Paylaşın: Kaygıyı yalnız başına taşımak, daha fazla ağırlaşmasına yol açabilir. Sevdiğimiz ve güvendiğimiz kişilerle kaygılarımızı paylaşmak, hem duygusal destek sağlayabilir, kaygıya bağlı olaylara karşı göremediğimiz açılardan bakabilmemize yardımcı olabilir, o an aklımıza gelmeyen iyi gelebilecek başa çıkma yolları duyabiliriz.

Somut planlar yapın: Kaygının kaynağı belirsizlik olabilir. Somut adımlar ve planlar oluşturmak, kaygıyı yönetmeyi kolaylaştırabilir.
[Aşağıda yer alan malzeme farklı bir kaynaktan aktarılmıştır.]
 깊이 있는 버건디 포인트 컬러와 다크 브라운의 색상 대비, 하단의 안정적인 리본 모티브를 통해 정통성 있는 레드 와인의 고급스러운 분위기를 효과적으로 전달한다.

Örneğin, iş veya okul gibi kaygı uyandıran durumlarda, yapılması gerekenleri listeleyip, her adımı sırayla takip etmek kaygıyı azaltabilir.

Kafeini azaltın: Kafein, vücutta uyarıcı etkiler yaratabilir ve kalp atış hızını artırabilir, bu da kaygıyı tetikleyebilir. Günlük kafein alımını sınırlamak, kaygıyı yönetmek açısından önemlidir.
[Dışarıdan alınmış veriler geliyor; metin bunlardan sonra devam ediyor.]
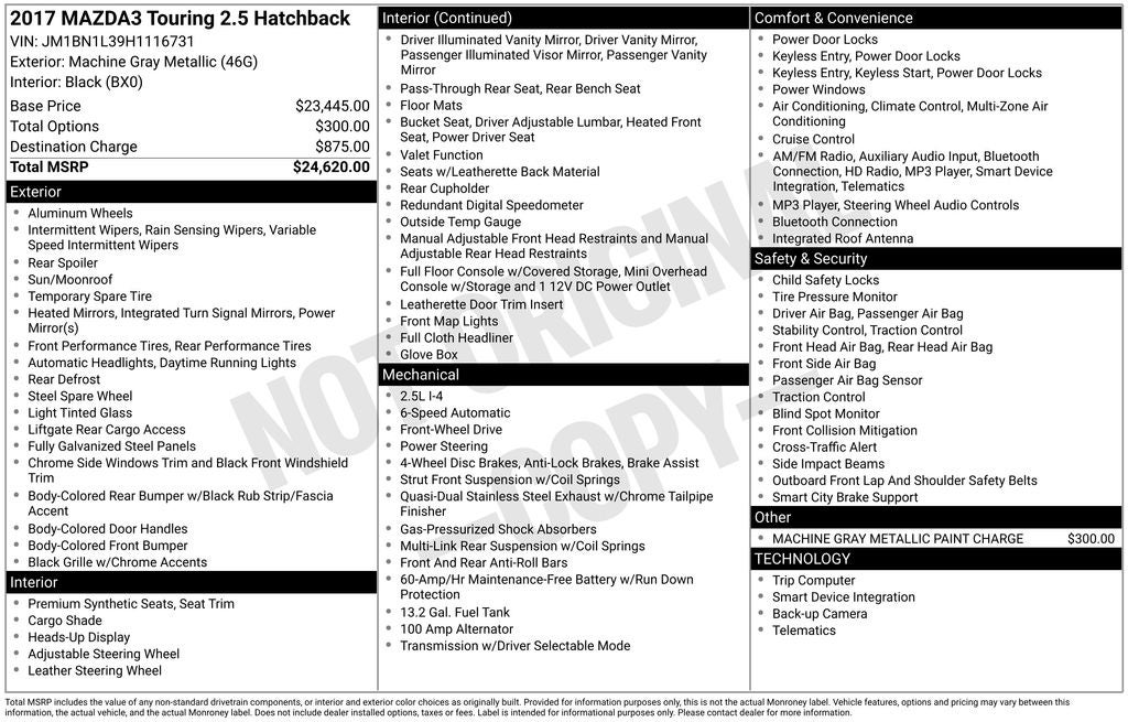 - Vehicle Name: Mazda Mazda3 5-Door

Sağlıklı beslenin: Düzenli ve dengeli beslenmek, vücudun stresle başa çıkma kapasitesini artırır.

Ekran kullanımını azaltın: Kaygı uyaranlarla tetiklenen bir his. Yoğun sosyal medya kullanımı veya yoğun ekran kullanımıyla zihnimiz çok kısa sürede çok fazla uyarana da maruz kalıyor. Bu uyaranlar bizi kaygılandıran meselelere de maruz kalmamıza neden olabiliyor. Dolayısıyla ekran süresini sınırlamak daha sakin bir zihni de beraberinde getirebilir.

Sanat dallarıyla ilgilenin: Resim yapmak, müzik dinlemek veya enstrüman çalmak gibi sanat dallarıyla ilgilenmek, kaygıyı azaltabilir. Sanat, stresin dışa vurulmasına yardımcı olabilir.